What changed: Generic prompting advice focuses on structure. The VPT version encodes the firm's meeting taxonomy and communication philosophy: decisions over discussion, clear ownership of next steps.

The Five Mistakes to Avoid

1. The Brain Dump

Don't

"I just had a meeting with John and Mary about their retirement and we talked about Roth conversions and Social Security and they're worried about running out of money and their daughter is going through a divorce..."

Do

Structure it: Meeting type, first names, 3 decisions, next steps with owners. Tell it what to exclude (the daughter's situation is advisor context, not email content).

2. Using 5.4 for Everything

5.4 Thinking is slower and counts against your weekly limit. Using it for "draft a quick email" wastes capacity.

Rule: If the task takes you less than 5 minutes manually, use 5.3 Instant. If it would take 30+ minutes of analysis, use 5.4 Thinking.

3. Starting Conversations Outside Your Project

Every time you start a new chat from the main screen instead of inside your Project, ChatGPT starts from zero. It doesn't know VPT's voice, your meeting types, or compliance rules. Always start from within your Project.

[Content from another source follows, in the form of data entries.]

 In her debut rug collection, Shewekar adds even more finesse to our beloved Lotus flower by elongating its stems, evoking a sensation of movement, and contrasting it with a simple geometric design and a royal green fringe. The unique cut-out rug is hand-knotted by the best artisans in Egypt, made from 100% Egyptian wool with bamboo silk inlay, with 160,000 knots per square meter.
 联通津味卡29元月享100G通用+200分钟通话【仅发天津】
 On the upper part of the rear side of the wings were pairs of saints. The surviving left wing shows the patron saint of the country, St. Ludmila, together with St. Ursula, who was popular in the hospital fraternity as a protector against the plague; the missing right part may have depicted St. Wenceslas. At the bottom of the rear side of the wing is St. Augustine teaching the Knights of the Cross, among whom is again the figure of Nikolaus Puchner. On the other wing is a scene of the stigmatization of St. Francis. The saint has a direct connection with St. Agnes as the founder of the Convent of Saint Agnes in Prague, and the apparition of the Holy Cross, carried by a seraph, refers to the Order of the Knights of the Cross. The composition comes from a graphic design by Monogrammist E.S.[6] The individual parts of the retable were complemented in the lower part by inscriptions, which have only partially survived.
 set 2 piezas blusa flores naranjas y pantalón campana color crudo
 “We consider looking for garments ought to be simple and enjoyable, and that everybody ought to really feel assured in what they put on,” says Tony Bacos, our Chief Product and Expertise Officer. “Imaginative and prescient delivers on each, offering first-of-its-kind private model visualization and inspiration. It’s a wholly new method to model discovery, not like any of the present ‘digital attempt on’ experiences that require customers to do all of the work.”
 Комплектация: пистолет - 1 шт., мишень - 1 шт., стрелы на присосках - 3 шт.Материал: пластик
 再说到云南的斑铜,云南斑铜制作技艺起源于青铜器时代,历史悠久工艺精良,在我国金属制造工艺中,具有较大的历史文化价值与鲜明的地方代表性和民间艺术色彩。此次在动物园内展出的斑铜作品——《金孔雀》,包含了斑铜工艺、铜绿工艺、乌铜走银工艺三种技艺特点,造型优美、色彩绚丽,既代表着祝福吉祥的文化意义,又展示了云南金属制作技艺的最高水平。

4. Skipping the Refine Step

The advisors who get the most value aren't the ones with the best prompts -- they're the ones who iterate once. "Make the tone warmer," "remove the jargon in paragraph 2," "add a mention of our next meeting" -- one round turns a generic draft into a VPT email.

5. Treating ChatGPT as a Search Engine

Don't ask "What are the best retirement strategies?" -- you already know that. Instead, give it your client's situation and ask it to help you communicate, analyze, or prepare. The value is in the application, not the information.